Course Title: Introductory Statistics
Course Code: ECON1005
Credits: 3
Level: 1
Prerequisite(s): None
Course Description
This course is designed to provide students with a sound introduction to concepts within statistics as well as provide them with an opportunity to link the concepts with uses of statistics in their daily lives, in management sciences and in academia. Emphasis will be on the understanding of fundamental statistical concepts and methods.
Introductory Statistics looks at sampling methods, techniques used to gather data, methods of summarizing data numerically and pictorially, probability, probability distributions, hypothesis testing, correlation and regression. A holistic approach is used in delivering the course content: as such, the course focuses on concepts, reinforced by calculations and real world applications.
Course Objectives
At the end of the course, learners will be able to:
Knowledge
- Define ’statistics’ and outline its functions in problem solving
- Distinguish between qualitative and quantitative; discrete and continuous; independent and dependent variables, so as to make informed decisions in the analysis and presentation of data.
- Distinguish between the scales of measurement (nominal, ordinal, interval and ratio) to apply these appropriately in data analysis and presentation.
- Distinguish between descriptive and inferential statistics to guide interpretation of findings.
- Explain the key statistical terminologies so as to apply these in statistical investigation.
- Differentiate between random and non-random sampling methods and use these appropriately in conducting and reporting on statistical investigation.
- Explain the concept of confidence interval in using sample data to estimate population values.
- Compose null and alternate hypotheses for statistical inquiry.
- Explain the concept of level of significance (α) and how it affects the conclusion of a statistical test.
- Explain the assumptions for the test of independence in making statistical inferences.

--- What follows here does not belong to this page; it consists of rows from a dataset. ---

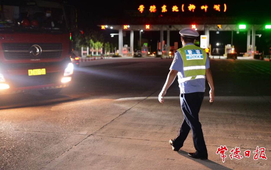 夜里,東常高速出入口執(zhí)勤的交警
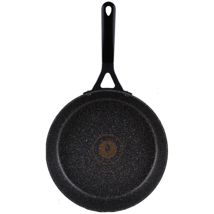 Виготовлена з кованого алюмінію, з товщиною стінок 4 мм, ця сковорода нагрівається швидко та максимально рівномірно. Це значно прискорює приготування їжі, а також перешкоджає пригорянню і нерівномірному просмажуванню продуктів.
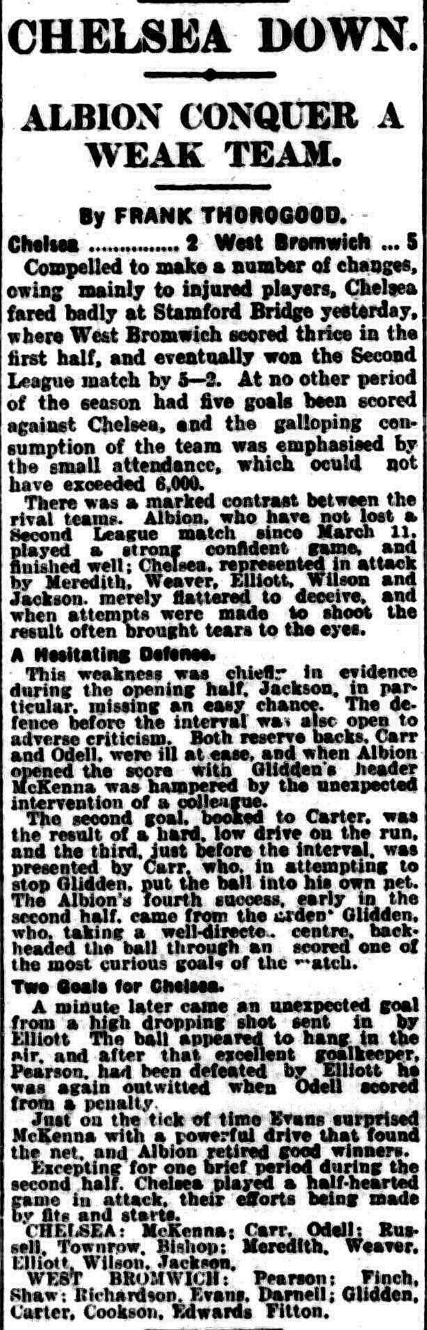 West Bromwich Albion (1) 3 Chelsea (0) 0

- Explain key concepts of correlation and regression in statistical analysis.
Skills
- Analyze basic statistical measures for decision making in statistical reporting.
- Utilise the rules of logic in the application of statistical concepts to validate statistical inferences.
- Apply the appropriate mix of statistical procedures for analysis of economic and social data.
- Select and use appropriate probability distribution (binomial, Poisson, normal) in conducting statistical inquiry.
- Conduct hypothesis testing for unknown population mean, unknown population variance, between means and proportions so that these results can be used to make statistical inferences.
- Use tests of independence to assess the relationship between variables for effective decision making.
- Interpret tables, charts, numerical measures and various statistical outputs used in statistical reports.
- Use various charts and tables to represent data and explain the limitations of their use (e.g. frequency tables, pie charts, bar chart, histogram, polygon, dot plot, stem-and-leaf diagram, box-and-whisker diagram).
- Calculate measures of positions, measures of central tendency and measures of dispersion (for grouped and ungrouped data) for data summary and interpretation of findings.
- Interpret hypothesis tests results for one-way ANOVA in conducting regression analysis.
Attitudes
- Appreciate the usefulness of Statistics in interpreting economic and social data.
- Value teamwork in collaborative activities in statistical investigation.
- Appreciate the importance of the use of statistics in making inferences about a population.